Columna Ambito Financiero: "Brasil: ¿llegó el momento de invertir?"

  Martes 19 de Noviembre de 2013   

Brasil: ¿llegó el momento de invertir?


Por: Roberto A. Ruarte y Julián Yosovitch

http://www.ambito.com/diario/noticia.asp?id=716547




El análisis sobre psicología y el humor social es uno de los elementos más importantes que utilizamos los analistas técnicos a la hora de tomar decisiones de inversión en distintos mercados en un horizonte temporal de mediano y largo plazo. 

Teniendo una opinión en contrario respecto del humor social podremos identificar los momentos de inflexión del mercado. Siempre lo decimos, los mercados hacen techos con euforia y exitismo social, dentro de un contexto económico próspero y de alto crecimiento; mientras que los pisos se dan dentro de contextos de crisis económica, social, pánico y desesperación. 

En coincidencia con este concepto, George Soros sostenía que los mercados no son racionales, sino más bien irracionales y que el dinero está hecho para descartar lo obvio y apostarle a lo inesperado. La pregunta obligada entonces es: ¿Qué es hoy en día lo obvio y que es lo inesperado?

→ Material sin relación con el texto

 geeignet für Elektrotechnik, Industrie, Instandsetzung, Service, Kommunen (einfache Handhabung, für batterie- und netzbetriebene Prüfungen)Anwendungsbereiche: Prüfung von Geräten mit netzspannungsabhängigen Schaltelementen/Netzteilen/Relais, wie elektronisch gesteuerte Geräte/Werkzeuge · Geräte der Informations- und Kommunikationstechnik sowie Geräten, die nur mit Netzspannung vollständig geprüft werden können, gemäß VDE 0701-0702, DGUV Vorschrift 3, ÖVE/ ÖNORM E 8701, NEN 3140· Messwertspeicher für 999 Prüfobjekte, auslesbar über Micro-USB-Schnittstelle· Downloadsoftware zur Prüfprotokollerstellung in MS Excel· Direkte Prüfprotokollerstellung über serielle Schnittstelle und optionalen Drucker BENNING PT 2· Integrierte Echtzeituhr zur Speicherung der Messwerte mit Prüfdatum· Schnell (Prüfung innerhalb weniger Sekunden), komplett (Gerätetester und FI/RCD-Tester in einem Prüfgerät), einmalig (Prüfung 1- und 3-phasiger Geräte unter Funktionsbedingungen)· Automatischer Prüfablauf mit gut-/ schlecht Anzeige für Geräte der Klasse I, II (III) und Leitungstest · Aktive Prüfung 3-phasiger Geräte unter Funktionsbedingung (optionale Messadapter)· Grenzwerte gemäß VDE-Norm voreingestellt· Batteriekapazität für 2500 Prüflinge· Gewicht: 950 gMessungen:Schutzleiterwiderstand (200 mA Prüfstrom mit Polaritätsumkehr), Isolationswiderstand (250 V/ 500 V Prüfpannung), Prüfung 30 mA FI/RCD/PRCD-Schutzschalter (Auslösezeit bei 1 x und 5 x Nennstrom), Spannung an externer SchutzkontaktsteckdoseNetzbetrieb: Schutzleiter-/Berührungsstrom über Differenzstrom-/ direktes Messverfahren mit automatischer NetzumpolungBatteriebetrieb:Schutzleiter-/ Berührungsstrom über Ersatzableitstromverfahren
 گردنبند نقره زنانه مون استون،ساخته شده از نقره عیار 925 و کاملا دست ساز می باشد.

Hoy, con el diario del lunes es fácil poder sacar conclusiones que era obvio que Brasil haga techo de mercado en el 2007 (y 2010 como techo secundario) luego de haber saturado el mercado con altos niveles de euforia y buenas noticias, habiendo alcanzado la mayor calificación crediticia producto de buenos y sostenidos datos económicos y una mejora a nivel social con reducción de la pobreza y mayor inclusión social, a la vez que este fenómeno económico logró ubicar a su presidente, Lula da Silva como uno de los políticos más influyentes en la historia de Brasil y del mundo, obteniendo niveles de aceptación de la sociedad superiores al 70%, y dicho sea de paso, fue a quien le hicieron dos veces la película con su biografía y sus éxitos políticos, sociales y personales.

En esos mismos años, Brasil logró consagrarse con la localía en los juegos olímpicos y el campeonato del mundo que se desarrollarán en los próximos años. En el techo de 2007 eligieron a Brasil como sede de la próxima Copa del Mundo en el año 2014, mientras que en el techo de 2009, Río fue elegida como sede de los Juegos Olímpicos de 2016.

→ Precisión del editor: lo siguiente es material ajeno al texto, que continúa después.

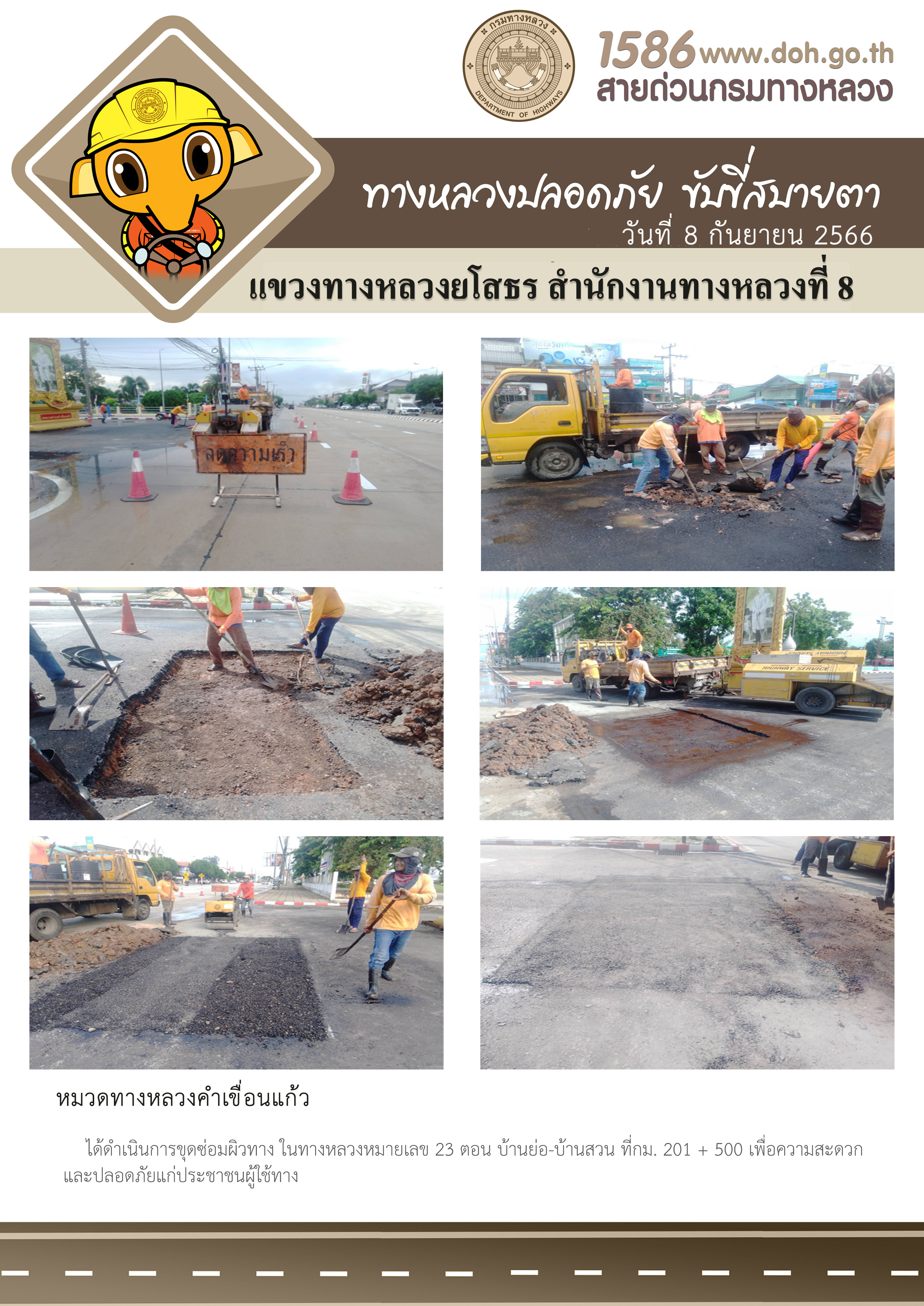 วันที่ 8 กันยายน 2566 หมวดทางหลวงคำเขื่อนแก้ว ได้ดำเนินการขุดซ่อมผิวทาง ในทางหลวงหมายเลข 23 ตอน บ้านย่อ-บ้านสวน ที่ กม.201+500 เพื่อความสะดวก และปลอดภัยแก่ประชาชนผู้ใช้ทาง
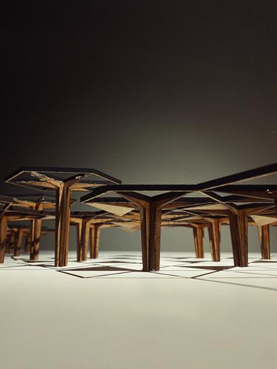 El pilar y los cerramientos son los principales elementos que aportan flexibilidad al proyecto. Además, el módulo hexagonal de madera permite una construcción rápida, sencilla y de bajo costo, tres factores esenciales para esta intervención. Gracias a la forma del módulo, las dos puertas se adaptan al contexto e integran armoniosamente en él. Los pilares, compuestos por tres partes, son fáciles de transportar y ensamblar. Asimismo, se emplean dos tipos de cerramientos, opacos y translúcidos, según el uso del espacio. Los cerramientos translúcidos añaden color a la monotonía de la madera, inspirándose en el trencadís de Gaudí, un icono de la ciudad.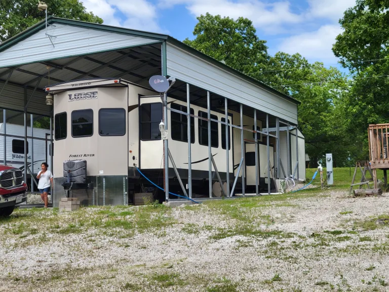 We have a firepit and outdoor area for entertainment. We are working on installing an outdoor movie theater. The lot is covered so rain and sun will not stop the fun.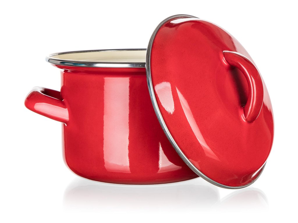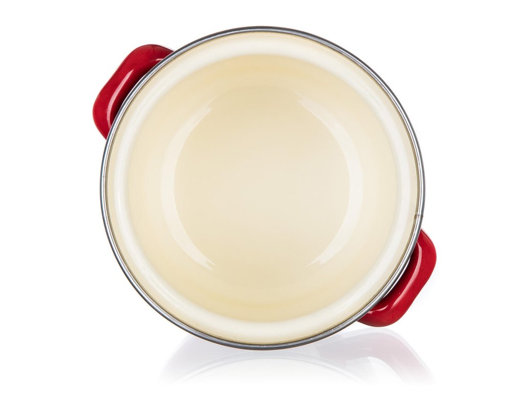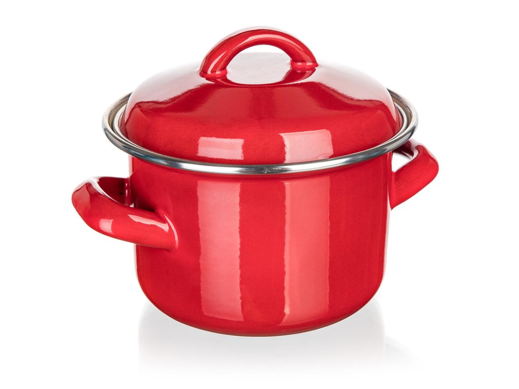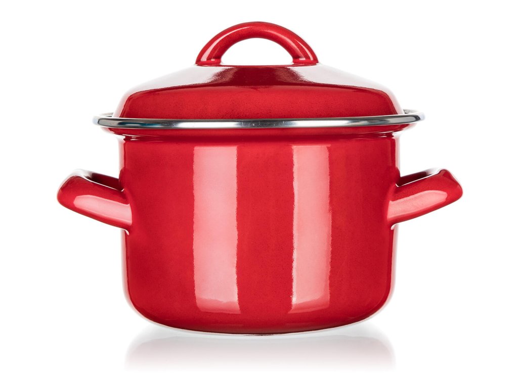 Hrnec + poklice pr. 12 cm, 0,78 l, MILTON, ČRV. objem: 0,78 l průměr: 12 cm výška (bez poklice): 8 cm materiál: smalt tloušťka stěny: 0,7 mm barva: červená, krémová Poklice i hrnec s červenou smaltovanou glazurou, černým dnem na vnější straně, s krémovou barvou na vnitřní straně. Hrnec lze používat na všechny typy varných desek včetně indukce. elektrika: ano plyn: ano sklokeramika: ano indukce: ano myčka: ne mikrovlnka: ne trouba: neObrázky jsou pouze ilustrativní.

Todos estos logros han sido muy importantes y muy buenos a nivel social, económico y político que hacían entender que algo importante iba a venir en Brasil. Estos fenómenos hacían obvio que Brasil era una oportunidad de inversión y que tales logros perdurarían en el tiempo continuando con el crecimiento alcanzado y por ende, el bull-market de Brasil y del Ibovespa debía continuar en los próximos años. Todos querían a Brasil y muchos compraron este cuento. 

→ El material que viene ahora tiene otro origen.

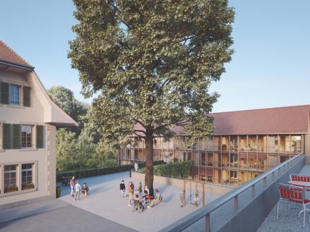 Die Stiftung Brüttelenbad bietet geistig und mehrfach beeinträchtigten, erwachsenen Menschen einen Lebensraum mit Wohn-, Arbeits- und Beschäftigungsmöglichkeiten. Mit der Umgestaltung und Erneuerung des bestehenden Hauptgebäudes und der Umgebung werden diese bautechnisch ertüchtigt und den Anforderungen einer zeitgemässen Institution angepasst. Ein Neubau für drei Wohngruppen verbessert die räumlichen und betrieblichen Verhältnisse der gesamten Institution und hilft, die vielfaltigen Nutzungen zu entflechten.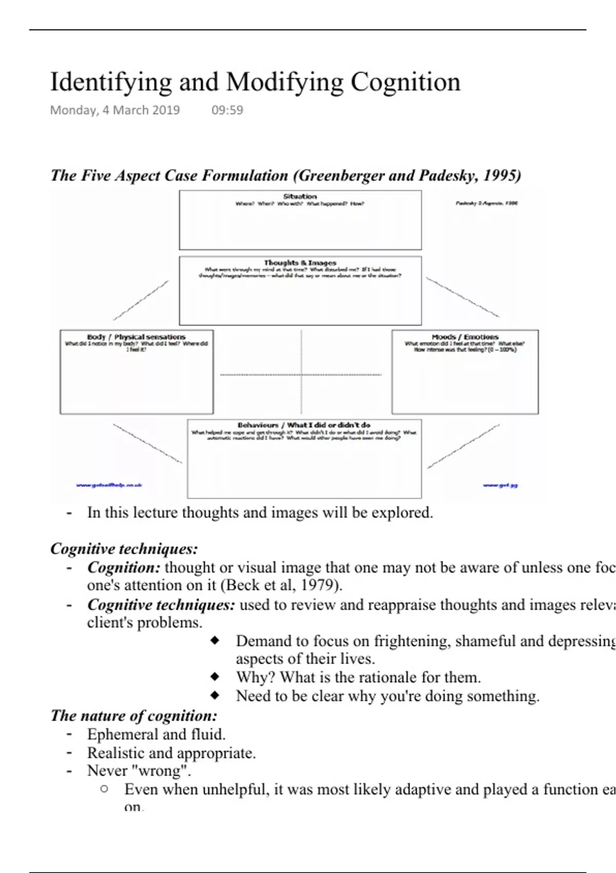 The Five Aspect Case Formulation (Greenberger and Padesky, 1995)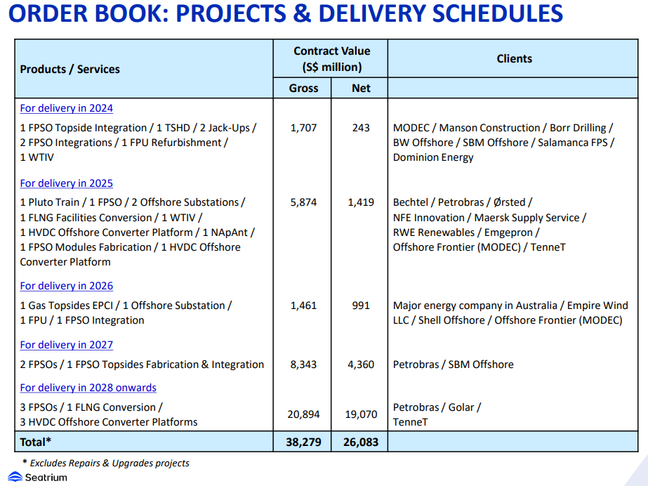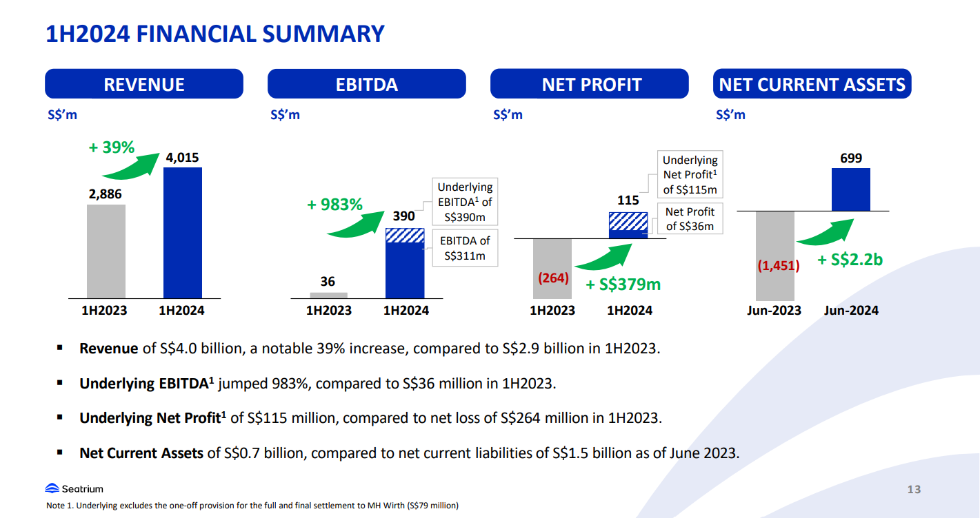 Judging by 2023 orders, I expect the Backlog to grow even more this year. The company's latest report, released today, August 02, 2024, confirms my observation. Seatrium recorded a $26 billion 1H24 backlog.
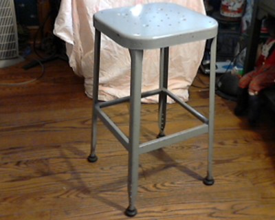 VINTAGE INDUSTRIAL GRAY 30 " H- LYON MFG CO STOOL - W / 14" SQUARE SEAT- NICE

¿Cómo les fue? El mercado hizo techo con gran euforia bursátil, económica política y social y una de las tapas más importantes en los últimos años referente a Brasil fue la tapa de la prestigiosa revista económica The Economist haciendo alusión al despegue de Brasil en noviembre de 2009. ("Braziltakes off").

Siempre insistimos, el mercado castiga consensos y el principal índice bursátil paulista, el Ibovespa se desplomó, perdiendo cerca de un 50% de su valor desde los máximos de 2010 y hoy en día se ubica cerca de un 30% debajo de los máximos de 74.000 puntos. 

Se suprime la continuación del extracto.